Linear Regression
1. Problem Understanding:
What type of decision do we need to make?
The answer of this quesion has to be an yes/no answer.
What type of information we need to make the decision?
All the information we need to support the decision we need. Go specific.
What kind of analysis we need to make?
Go back to Predictive Analytics for Business 2 to see the category of analysis method.
2.
3. The calculation of Correlation and R-square indicates whether the data fits the line.
4. Using google sheet or excel by using: slope(X, Y) and intercept (X, Y) to calculate the best fit learn regression line for the data set.
5. Using CORREL(X,Y) to calculate the correlation between the X and Y. Using RSQ to calculate square-R value of the line.
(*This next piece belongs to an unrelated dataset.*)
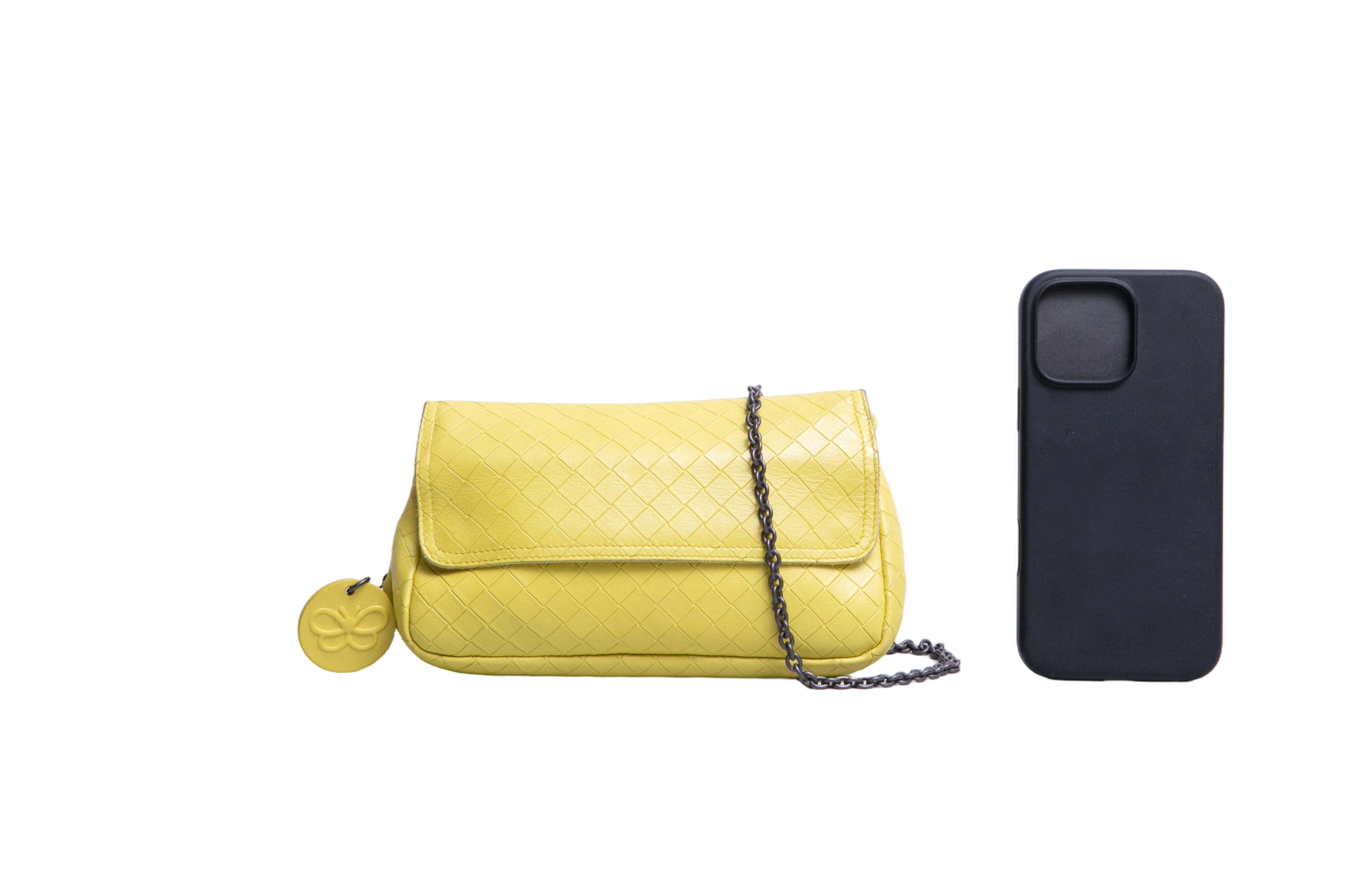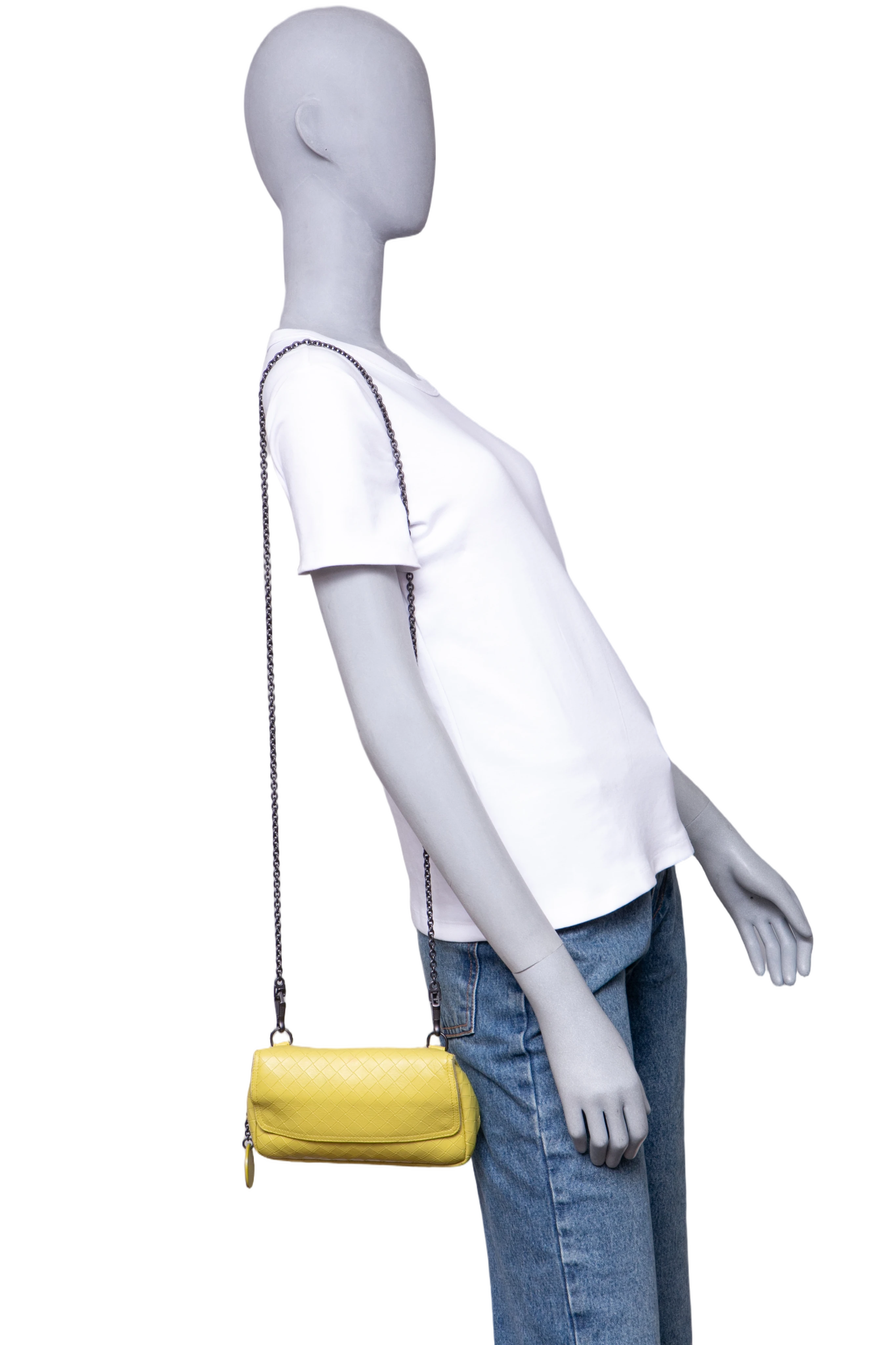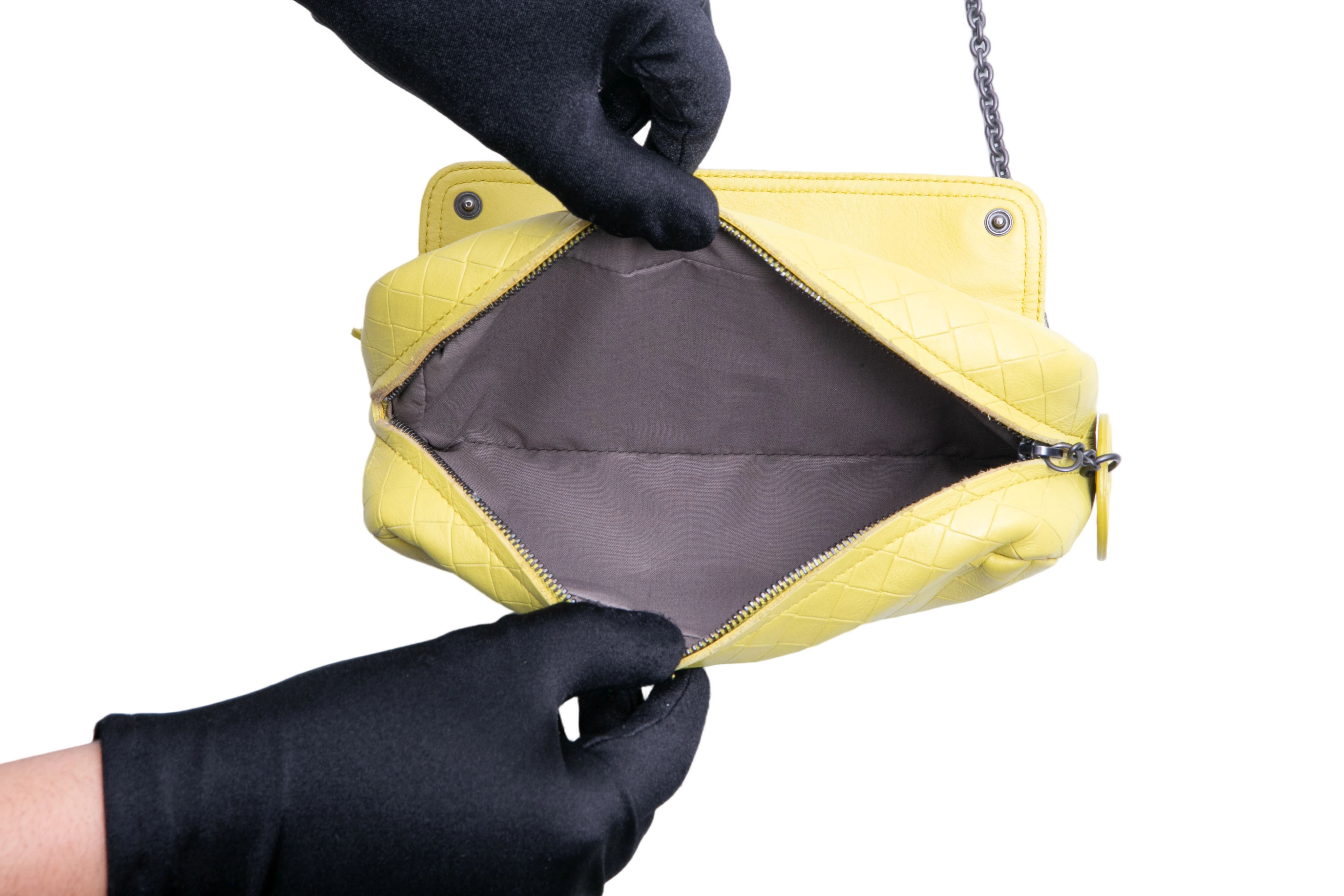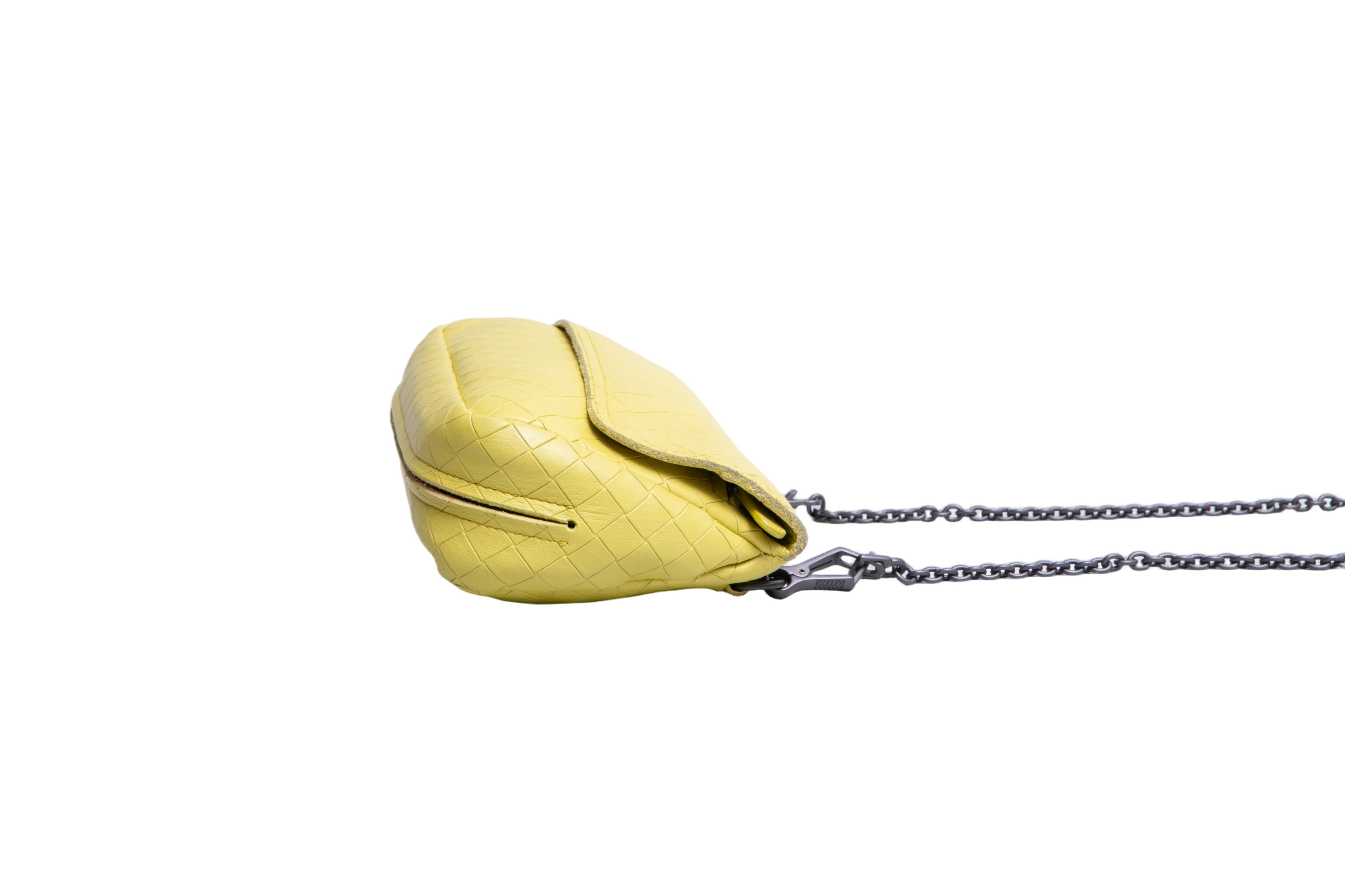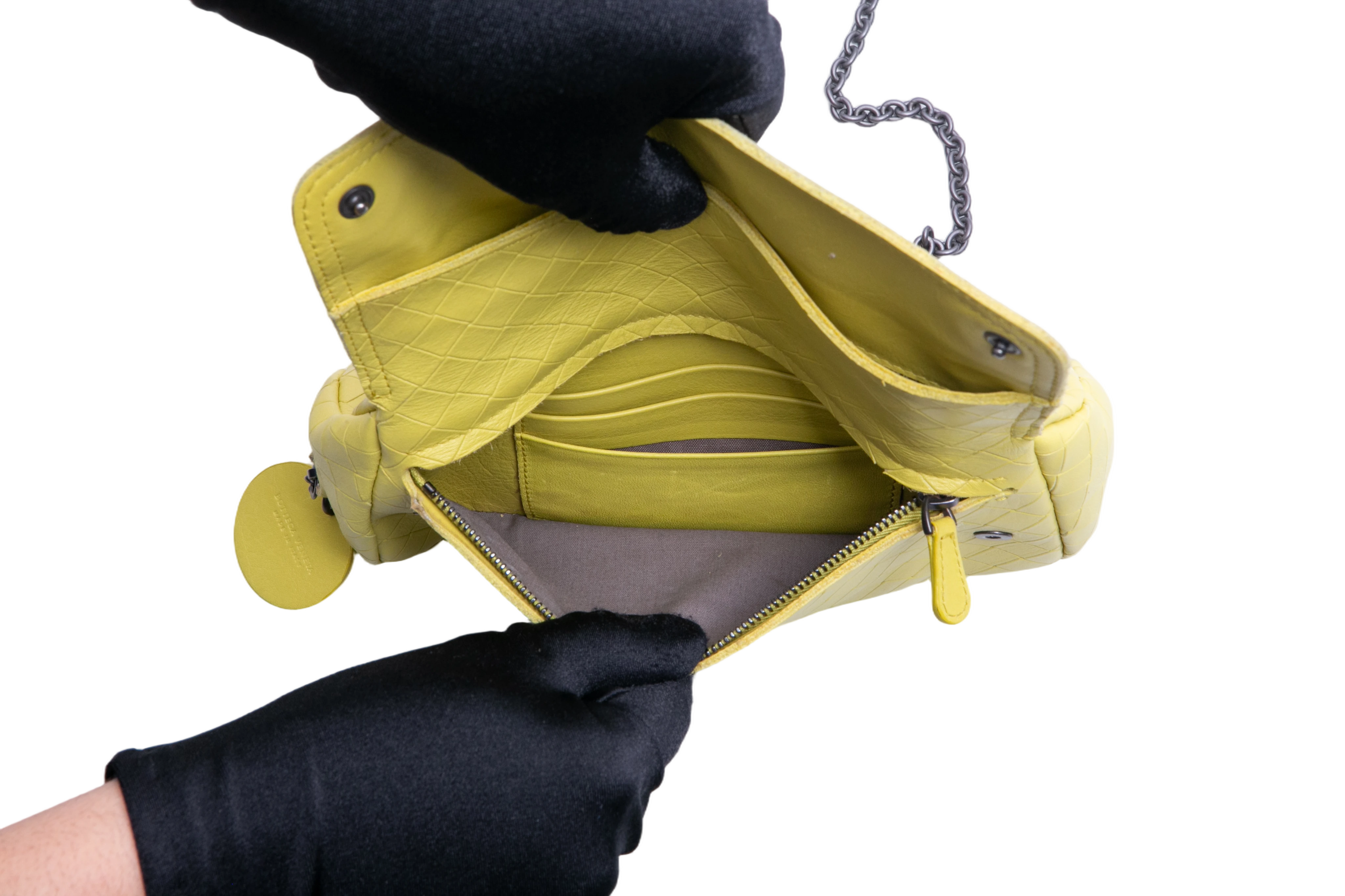 Bottega Disco Crossbody Intrecciato Lime. Peça em perfeito estado, pequenos sinais no bolso interno.

6. Use Data Analysis function in the excel to generate the model for the dataset for mutiple variable regression.
7. The R-squared value will increase while there are more variables. So here we are using adjusted R-squared value to replace the original one.
8. Transforming categorical variables: Dummy variables:
Expenditures = β 0 + β1 Avg_Income + β2 Pct_Under_18 + β3 midwest + β4 southeast + β5 west
The value of region can only be 0 or one.
9. Understanding the equation:
Expenditures = -530 + 0.073 Avg_Income + 1406.36 Pct_Under_18 + 6.53 region
0.073 means for Average income, 1 dollar more will cause 1 more dollar for expenditures.
1406.36 means for every one more percent students whos is under 18. there are 14 dollar more in the expenditures.
10. You always create one less dummy variable than the number of categories to make sure that one category is represented by zero values for the dummy variables.